Abstract Background Metastasis is a major cause of death in colorectal cancer (CRC) patients, and the epithelial–mesenchymal transition (EMT) has been known to be a crucial event in cancer metastasis. Downregulated expression of AT-rich interaction domain-containing protein 1A (ARID1A), a bona fide tumor suppressor gene, plays an important role in promoting EMT and CRC metastasis, but the underlying molecular mechanisms remain poorly understood. Here, we evaluated the impact of ARID1A knockdown and overexpression on the expression of EMT‑related genes, E-cadherin and β-catenin, in human CRC cells.Methods and Results The expression levels of ARID1A, E-cadherin and β-catenin in CRC cell lines were detected via real-time quantitative PCR (qPCR) and western blot. ARID1A overexpression and shRNA-mediated knockdown were performed to indicate the effect of ARID1A expression on E-cadherin and β-catenin expression in CRC cell lines.
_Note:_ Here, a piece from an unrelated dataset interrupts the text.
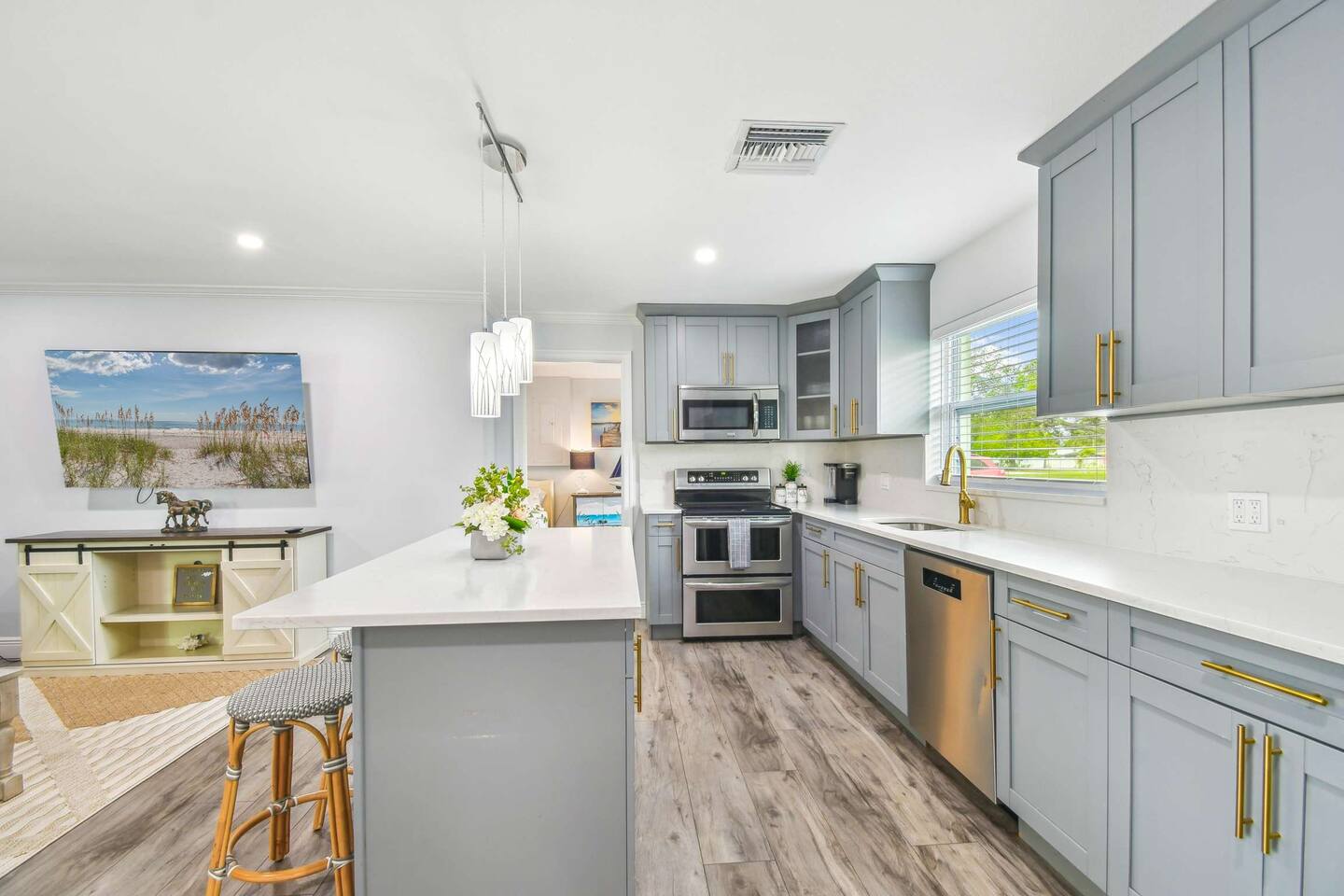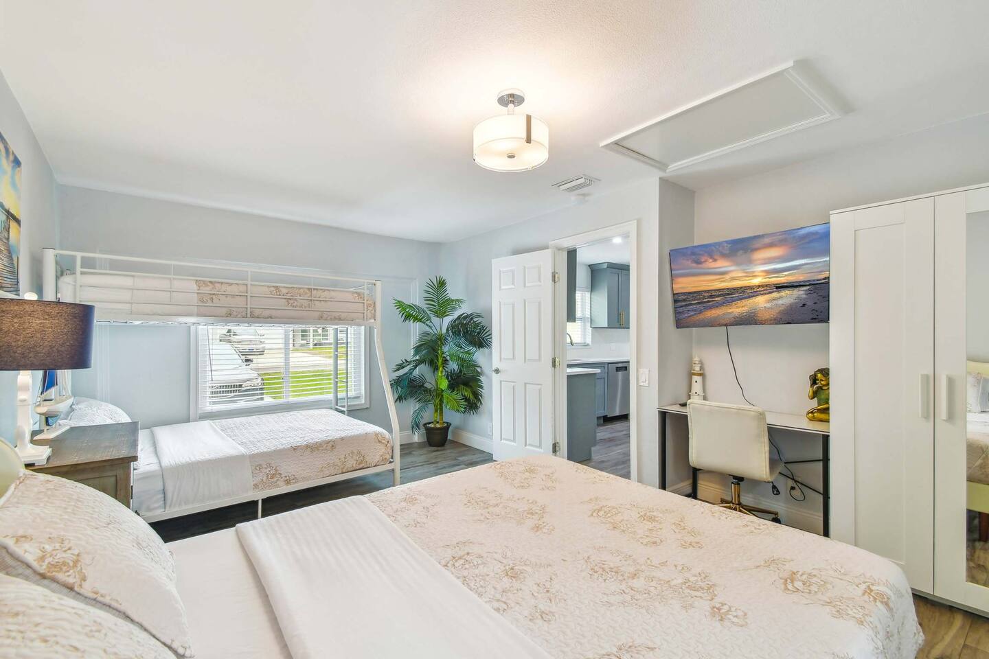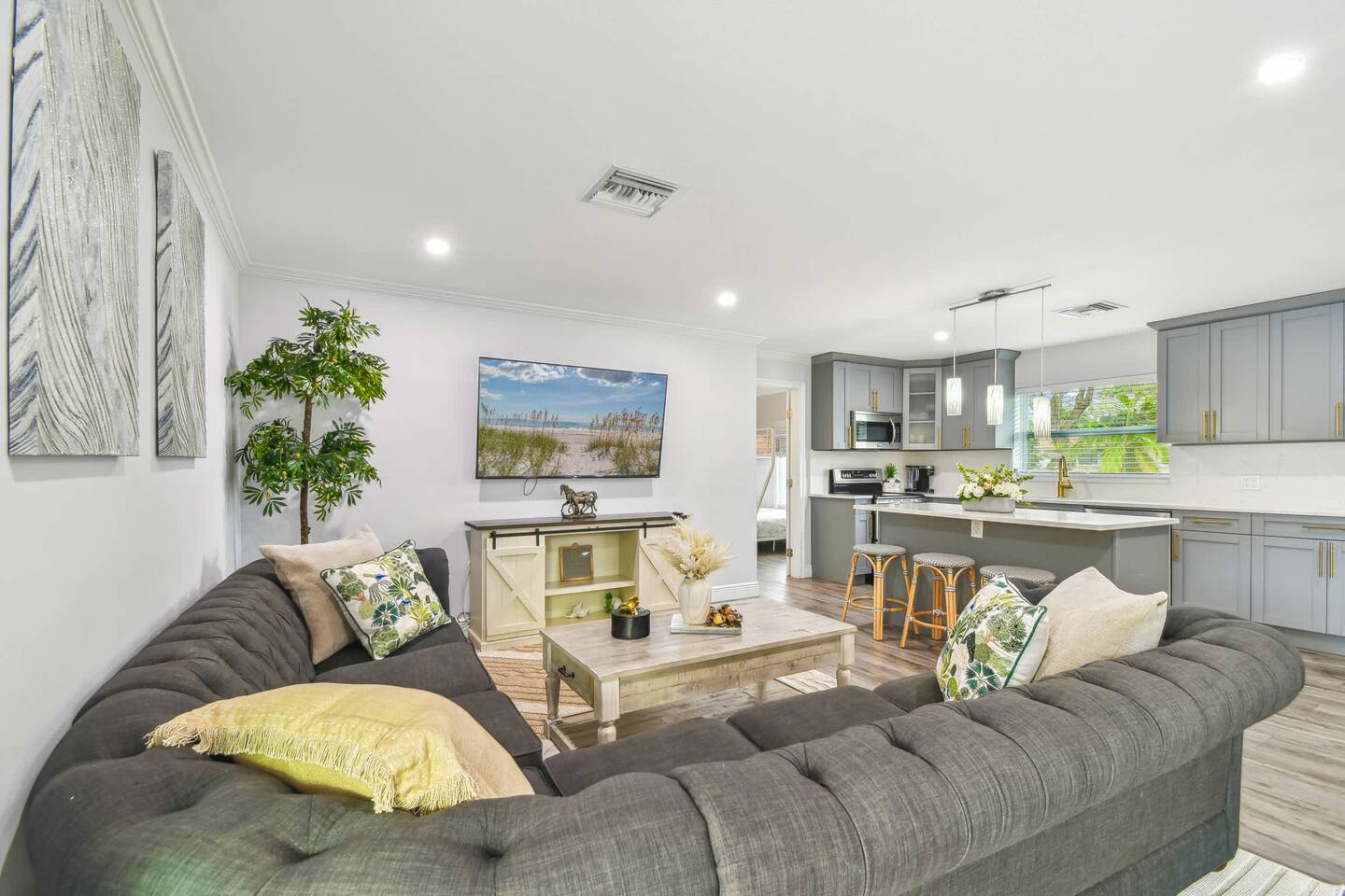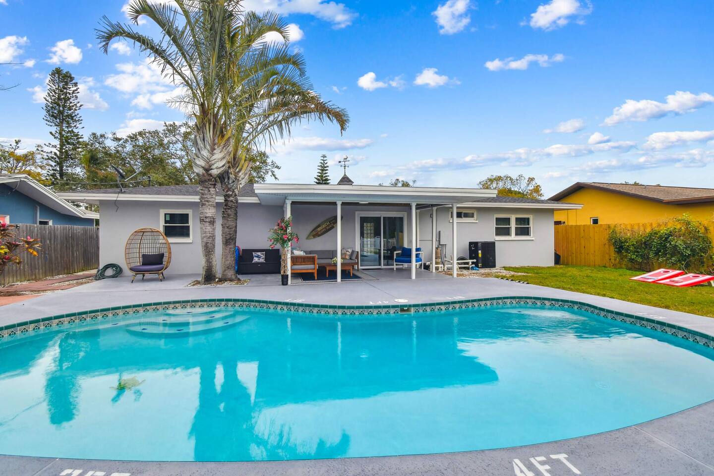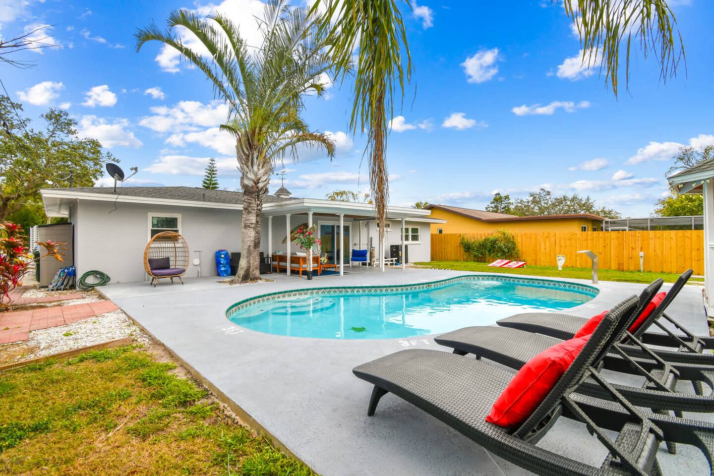 🌴 Bedrooms & Bathrooms •3 Bedrooms: King, 2 Queens, Queen + bunk bed •3 Bathrooms: Fresh linens, towels, toiletries provided •Extras: Fully equipped kitchen, spacious living room with HDTV & WiFi, in-unit washer/dryer (detergent provided) ✨ Highlights & Amenities • Heated pool & outdoor firepit • Shaded gazebo & BBQ grill • Pet-friendly (fee applies) • Baby-friendly: high chair & pack n play • Beach essentials: chairs, umbrella, towels • Free on-site parking 🏖 Nearby Attractions • Indian Rocks Beach → 5 min • Clearwater Beach → 13 min • Madeira Beach → 15 min • St. Pete Downtown → 25 min • Pinellas Trail → 5 min

The effect of ARID1A knockdown on the migration ability of HCT116 cells was assessed using wound-healing assay. We found that the mRNA and protein expression of adhesive protein E-cadherin was remarkably downregulated in response to shRNA-mediated ARID1A knockdown in HCT116 and HT29 cells. Conversely, overexpression of ARID1A in SW48 cells significantly increased E-cadherin expression. In addition, ARID1A silencing promoted the migration of HCT116 cells. ARID1A knockdown and overexpression did not alter the level of β-catenin expression.Conclusion Our study demonstrates that E-cadherin levels were closely correlated with ARID1A expression. Thus, ARID1A downregulation may promote CRC metastasis through decreasing EMT‑related protein E-cadherin and promoting epithelial cell movement. ARID1A could represent a promising candidate therapeutic target for CRC.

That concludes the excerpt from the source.